ASSIGNMENT: Output exactly the lines of the listing below that run from the line with "之後去超市買個水果,發現居然" through the line with "胜宏科技:融资净偿还7911.45万元,融资余额170.65亿元(12-16)". No pictures.

• • •

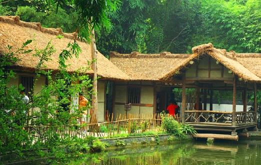 来到草堂的正门,就看见一条波光粼粼的河流从门前环流而过,这就是杜甫诗中多次提到的浣花溪。说到“浣花溪”这个充满诗意的名字的由来,还有一段动人的故事呢。相传唐时溪边住着一位姓任的姑娘,貌美而心善。一天,她正在溪畔洗衣,走来一位浑身疮疥的和尚,行人都躲得远远的,唯有这位任姑娘不避让。于是那和尚脱下沾满脓血的架柒求她浣洗,任姑娘欣然接受。哪知架裟一入水,霎时满溪泛起莲花朵朵,再看那和尚,却早已不知去向。人们十分惊异,就把这条河命名为浣花溪了。其实,浣花溪的得名与任氏无关。比较可信的说法是,因为当时沿溪居住者多以造纸为业,他们取溪水来制十色彩笺,“其色如花”,溪因此而得名。浣花溪在唐代江阔水深,能行大舟,版权所有山东聊城聊之旅国际旅行社有限公司,转载必究!溪畔风光秀丽,杜甫的一首《绝句》作了生动的描绘:两个黄鹂鸣翠柳,一行白鹭上青天。窗含西岭千秋雪 (成都西面为岷山山脉,古代空气澄净,能远眺雪山),门泊东吴万里船 (浣花溪属长江水系,由此乘船出府河可直下东吴)。
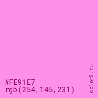 Цвет #FE91E7 в цветовой модели RGB обозначается тремя октетами (254, 145, 231) в десятичном формате и #FE91E7 в шестнадцатиричном (hex) формате, которые являются интенсивностью красного 254 (hex FE), интенсивность зелёного 145 (hex 91) и интенсивность синего 231 (hex E7).
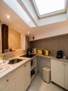Cet appartement dispose d'une belle cuisine avec du carrelage au sol et tout l'équipement essentiel pour votre quotidien : plaques de cuisson, réfrigerateur, congélateur, four, micro ondes, grille pain, bouilloire électrique, etagère, placard, vaisselle, bar.
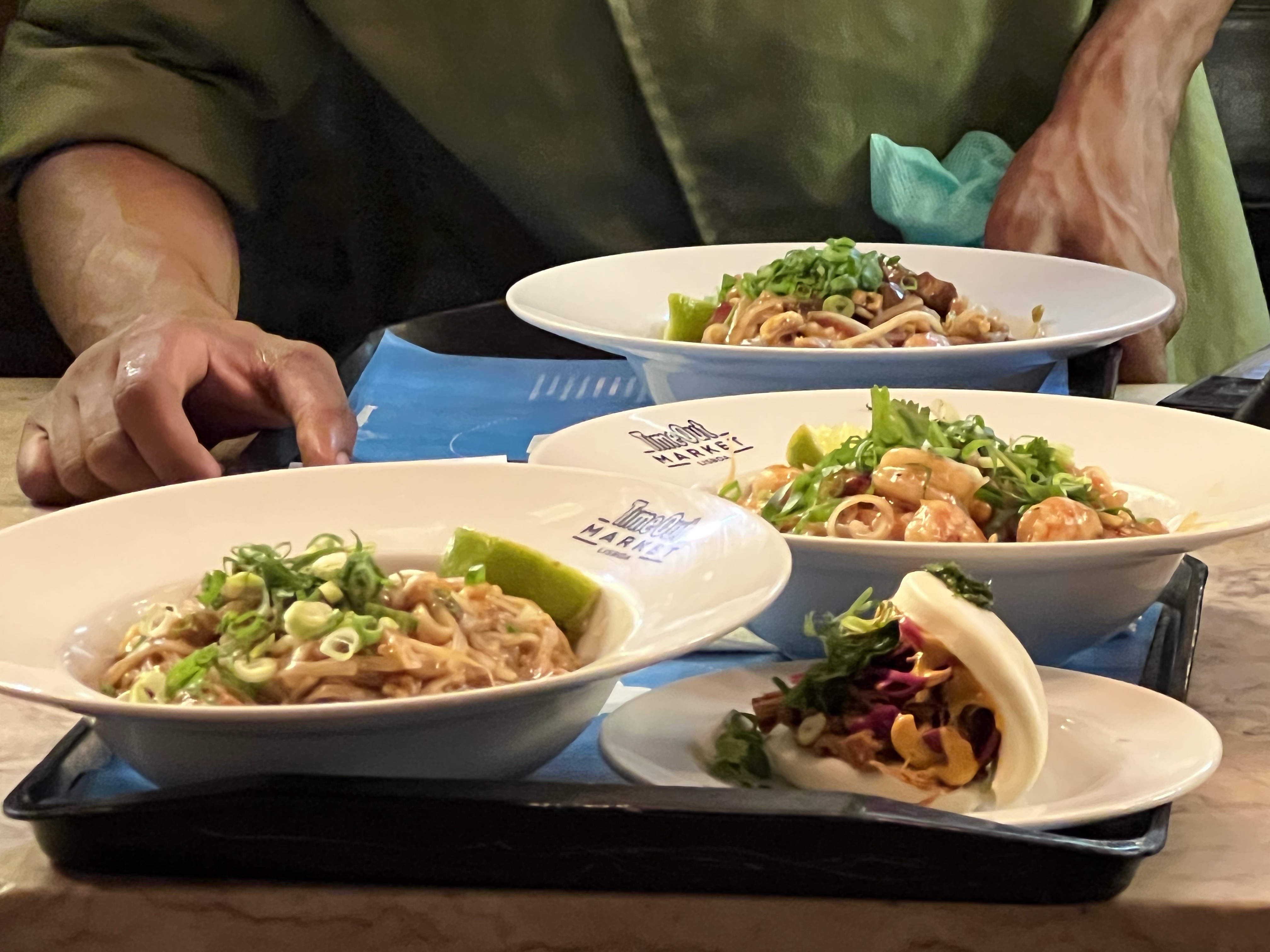 之後去超市買個水果,發現居然有香水椰子,買了兩顆回去開;還買了不管去哪裡都要買的現榨柳橙汁。回旅館喝了還算不錯的椰子之後就繼續發懶,到太陽下山,肚子覺得有點餓了,才決定要出門去港邊的美食廣場找東西吃。
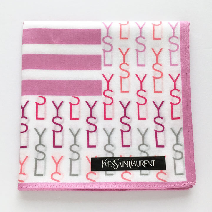 - サンローラン / YvesSaintLaurent ハンカチ ピンクボーダー&YSLロゴ柄 白生地 ピンクふち【6313】
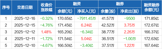 胜宏科技:融资净偿还7911.45万元,融资余额170.65亿元(12-16)
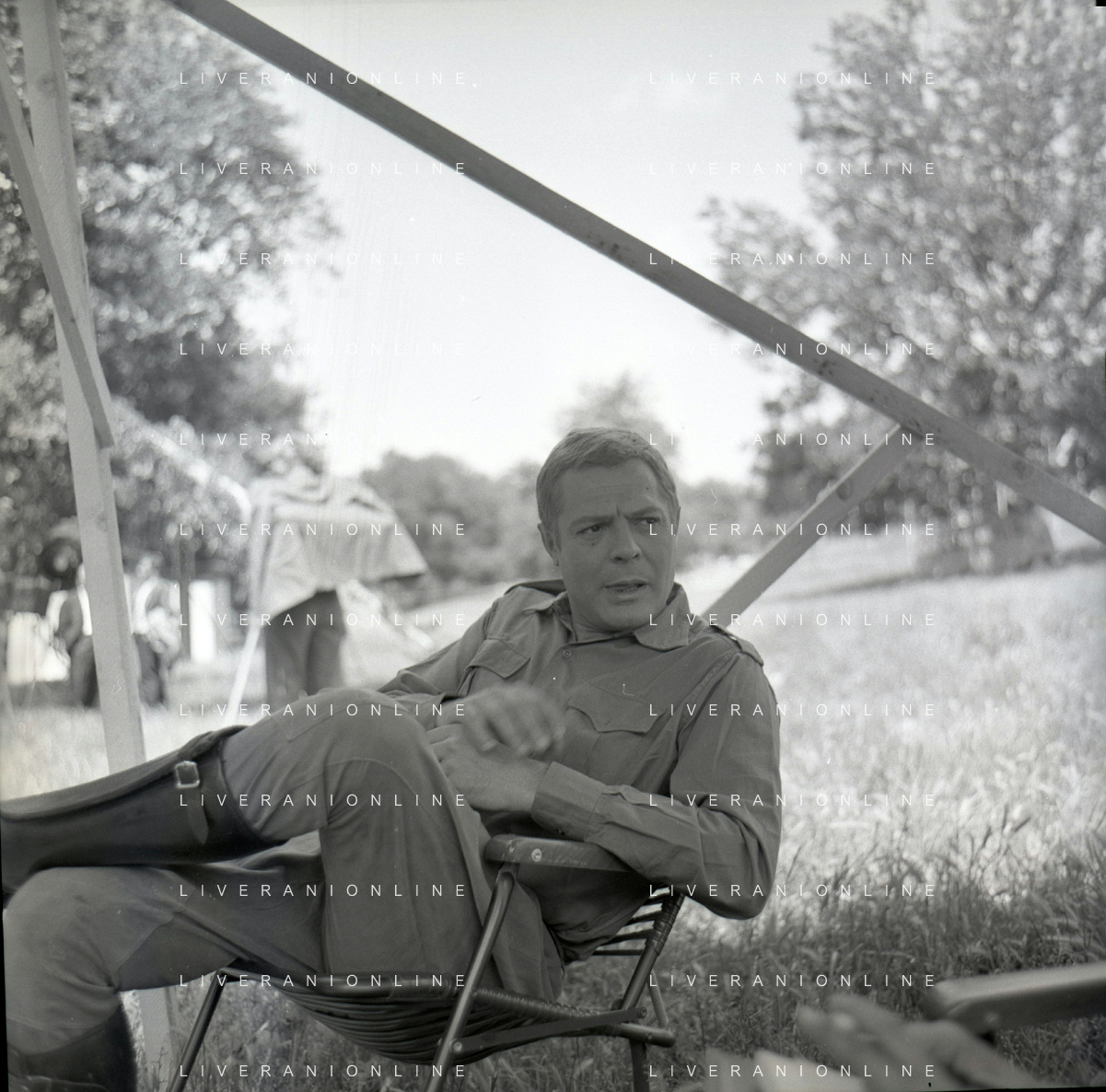 NEG- RETROSPETTIVA MARCELLO MASTROIANNI ATTORE NELLA FOTO MARCELLO MASTROIANNI SUL SET DEL FILM “LA DECIMA VITTIMA“ NELL'ANNO 1965 REGISTA ELIO PETRI AG ALDO LIVERANI SAS

• • •

RESULT OF THE EXERCISE:
 之後去超市買個水果,發現居然有香水椰子,買了兩顆回去開;還買了不管去哪裡都要買的現榨柳橙汁。回旅館喝了還算不錯的椰子之後就繼續發懶,到太陽下山,肚子覺得有點餓了,才決定要出門去港邊的美食廣場找東西吃。
 - サンローラン / YvesSaintLaurent ハンカチ ピンクボーダー&YSLロゴ柄 白生地 ピンクふち【6313】
 胜宏科技:融资净偿还7911.45万元,融资余额170.65亿元(12-16)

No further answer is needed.